Conditions such as irritable bowel syndrome (IBS), inflammatory bowel disease (IBD), or chronic food intolerances can affect inflammation levels and micronutrient status, which may indirectly influence fertility. Managing digestive symptoms and maintaining balanced nutrition can help ensure you are getting the nutrients you need during the preconception period.

Stephanie Gold, MD

What should I know about nutrition and pregnancy?

Focusing on overall nutritional balance rather than restrictive dieting can help ensure you get the essential nutrients needed to support hormone health and ovulation in early preconception and pregnancy. Here are some steps you can take:

  • Prioritize lean proteins, healthy fats, whole grains, fruits, and vegetables
  • Stay well hydrated
  • Ensure adequate intake of key nutrients such as folate, iron, and omega-3 fatty acids
  • Monitor calorie and nutrient intake carefully if using weight-management medications
  • Work with a care team to maintain both healthy body weight and metabolic stability

Balanced nutrition supports hormone function, energy balance, and reproductive readiness, particularly when medication or digestive conditions may influence appetite or nutrient absorption.

Which health care specialists can help with nutrition and digestive health during pregnancy?

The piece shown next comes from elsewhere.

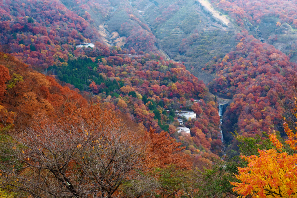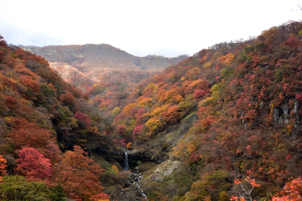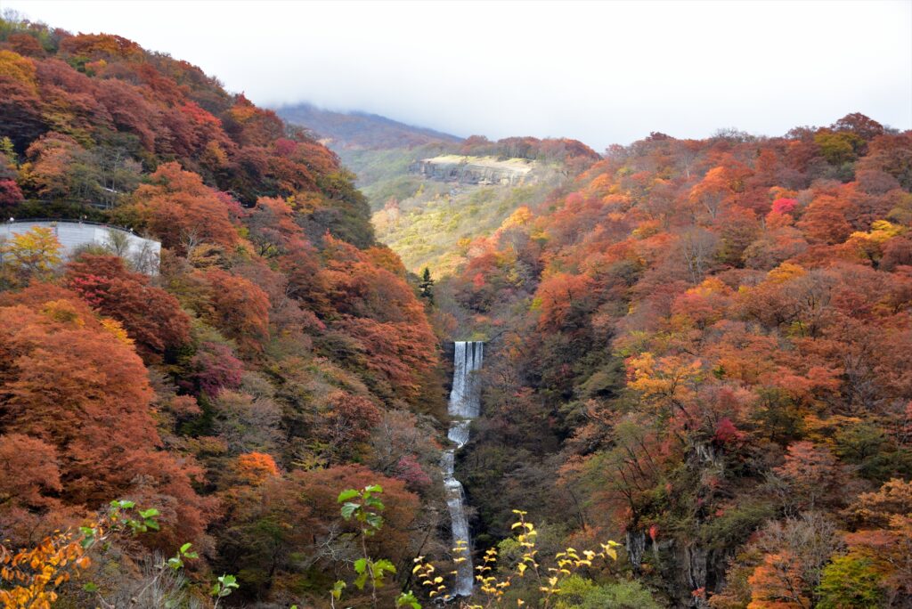 鮮やかな紅葉の中を流れ落ちる2つの滝は神秘的です。

If you are planning to get pregnant, especially if you are considering fertility treatments, taking weight-management medications, or managing digestive conditions, early consultation with your health care team is important. Coordinated care among your reproductive endocrinologist, gastroenterologist, and nutrition specialists can help ensure medications, diet, and treatment plans are aligned with your fertility goals. Early conversations with your care team matter. Personalized planning before conception helps ensure treatments, nutrition, and overall health are working together to support the best possible reproductive outcomes.